Select Columns
This lesson introduces tools to remove unnecessary columns from the data set. Or, positively stated, we learn how to specify the columns we need for a particular analysis.
The select
command
select
commandThe function select()
is the designated tool to select columns with dplyr. By passing different things to the function, we can efficiently define the set of columns in the resulting data frame.
By Name
The intuitive way to select the columns we need is by listing their names. We can pass one or more column names to the select
function. In the case of two or more, we use commas to separate the names:
tweets |>
select(screen_name, text) |>
colnames()
# [1] "screen_name" "text"
By Column Name Pattern
Names Starting with a String
Occasionally, R we want to select columns based on a pattern of their names. Take the tweets data set as an example. Here, the variables that indicate if a tweet is a quote or a retweet have the prefix is_
. We leverage this with the helper function starts_with
:
tweets |>
select(starts_with("is_")) |>
colnames()
# [1] "screen_name" "text"
Names Ending with a String
Similar to start_with
, the function ends_with
looks for a string at the end of a column name. For example, all columns that contain numerical information about a tweet, such as the number of retweets, end with the suffix _count
. We can take advantage of that in case we wish to select all these columns efficiently:
tweets |>
select(ends_with("_count")) |>
colnames()
# [1] "retweet_count" "favorite_count" "quote_count" "reply_count"

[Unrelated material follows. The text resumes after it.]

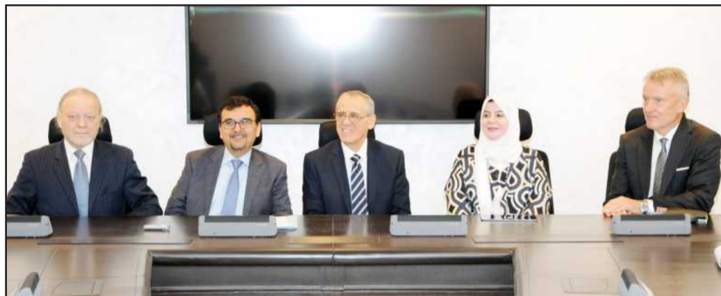
● جانب من الندوة العلمية

Names with a String Anywhere
To complete the picture, we can also search for a string somewhere in a column name. The contains
function does exactly that:
tweets |>
select(contains("screen")) |>
colnames()
# [1] "screen_name" "in_reply_to_screen_name"
More Complex Matches
Sometimes, merely matching strings in column names may not suffice. You may need to deal with more complicated patterns, such as those involving wildcards or requiring symbols to appear in a specific order in a column name. Regular expressions can be an excellent solution for such complex scenarios, though they can be difficult to grasp. If you frequently encounter such complex cases, it is recommended that you familiarize yourself with the fundamentals of regular expressions. Personally, I rarely require them, but if I do, I search for the expression on the internet using a reliable search engine like Google. Or I ask ChatGPT.

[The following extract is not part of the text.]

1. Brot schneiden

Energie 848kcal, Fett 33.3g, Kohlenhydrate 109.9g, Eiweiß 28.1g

A simple example is to look for columns whose names contain either the one or the other of two strings:
tweets |>
select(matches("is|count")) |>
colnames()
# [1] "retweet_count" "favorite_count" "is_quote_status" "is_retweet" "quote_count" "reply_count"
Combinations of patterns
We can combine the functions that look for strings in column names to create more specific pattern searches. The example below uses the &
operator to connect two functions with a logical and
. This means, both expressions must evaluate to TRUE
for the column to be selected:
tweets |>
select(contains("retweet") & where(is.numeric)) |>
colnames()
# [1] "retweet_count"
By Data Type
Another flexible way to select columns is by their data type. Say we want to select all numeric columns because we wish to calculate the mean value across all of them in the next step of the pipeline. There is a shortcut for this, using the where()
function together with is.numeric
:
tweets |>
select(where(is.numeric)) |>
colnames()
# [1] "retweet_count" "favorite_count" "quote_count" "reply_count"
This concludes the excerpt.